Cars or Computers? The Latest Technology on the Road

Cars or Computers? The Latest Technology on the Road

One of the best examples of the latest technological advances is all the new tech coming out of the automotive industry. When compared to the first models on the road, modern-day cars resemble computers more than automobiles. Nowadays, a car’s technology is as important, if not more, than its engineering. Every year, more aspects of driving become automated in hopes of reducing the dangers of driving and the possibility of an accident. These electronic improvements are also about the car’s security, connectivity, and its ability to communicate with the world. While most of the technological improvements are seen as “safety features you will hopefully never use,” they do directly affect how you interact with your vehicle. The point is to make life on the road easier without causing any distractions to the driver.

Advanced Driver Assists

For those looking to buy a new car, there are several new automotive technologies to look for when making your choice. The Advanced Driver Assist Systems (ADAS), for example, have become the standard in new cars, and for a good reason.  These groups of electrical mechanics assist parking and driving functions, can quickly react to potential hazards, and even reduce driver fatigue. The ADAS includes functions like adaptive cruise control, lane departure warning, lane keep assists, blind-spot alerts, cross-traffic alerts, and reverse brake assists. These systems really represent some of the finest advances in technology in cars yet.
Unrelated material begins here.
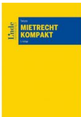
Mietrecht kompakt Ladenpreis: 46,00EUR

They can basically drive the car for you since, when engaged, they know when to slow down and when to accelerate in order to maintain a safe distance from the cars around you. They alert when your car starts to drift into another lane and if there’s a vehicle in your blind spot. The reverse brake assist will even stop the car if it senses an object behind you.
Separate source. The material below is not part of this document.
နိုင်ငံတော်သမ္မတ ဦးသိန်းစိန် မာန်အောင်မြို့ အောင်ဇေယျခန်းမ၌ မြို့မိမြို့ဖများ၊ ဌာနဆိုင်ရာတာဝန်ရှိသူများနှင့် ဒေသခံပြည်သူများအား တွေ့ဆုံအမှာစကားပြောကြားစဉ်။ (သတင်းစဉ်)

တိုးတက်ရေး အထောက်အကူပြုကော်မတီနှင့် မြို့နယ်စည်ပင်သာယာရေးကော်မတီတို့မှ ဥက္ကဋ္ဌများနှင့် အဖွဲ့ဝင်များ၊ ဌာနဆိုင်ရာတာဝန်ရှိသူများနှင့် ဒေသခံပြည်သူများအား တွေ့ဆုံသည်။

Automatic Emergency Braking

The next upgrade we see in cars is the Automatic Emergency Braking (AEB).  The AEB can activate the breaks when the car senses an imminent collision. The AEB can even sense if you need to react quicker than you are and knows if you’re applying enough pressure to the breaks to avoid an accident in time. The Automatic Emergency Braking should be considered a high priority and is expected to become standard across vehicle production lines by over 20 manufacturers by the end of 2022.
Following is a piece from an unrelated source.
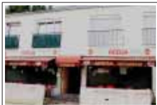
Resto Adega 2 place du petit pont 78310 Maurepas

Key Fob and Connected Mobile Apps

Less standard among cars but also highly coveted techs are the Digital Key and Connected Mobile Apps. These allow you to remotely lock and unlock your vehicle, check how much gas you have, and even gauge the tire pressure all from your cell phone. There’s also wireless smartphone charging pads being installed on the higher trim cars and luxury models. However, these upgrades will likely become standard as time passes.

360 Degree Cameras 

We’re also seeing more camera technology being rolled out, like the 360-degree cameras and video rearview mirrors. The 360-degree cameras are capable of showing you a top-down view of your surroundings and can even reduce insurance claims from low-speed crashes. The camera technology is also super helpful for those scary parallel parking situations.

Stolen Vehicle Tracking Software

Another huge perk of all the latest software updates is the ability to track stolen technology. Believe it or not, over 200,000 cars were stolen in 2020. Thanks to the new Stolen Vehicle Tracking Software, over 50% of those cars were recovered. This software also contacts rescue services in case of an accident and can pinpoint a vehicle’s exact location.

With all the advancements we’ve seen, imagine what the future holds for automotive technology? Tesla claims to have the first autonomous vehicle on the road sooner rather than later. Maybe flying cars are not something we will only see in movies after all.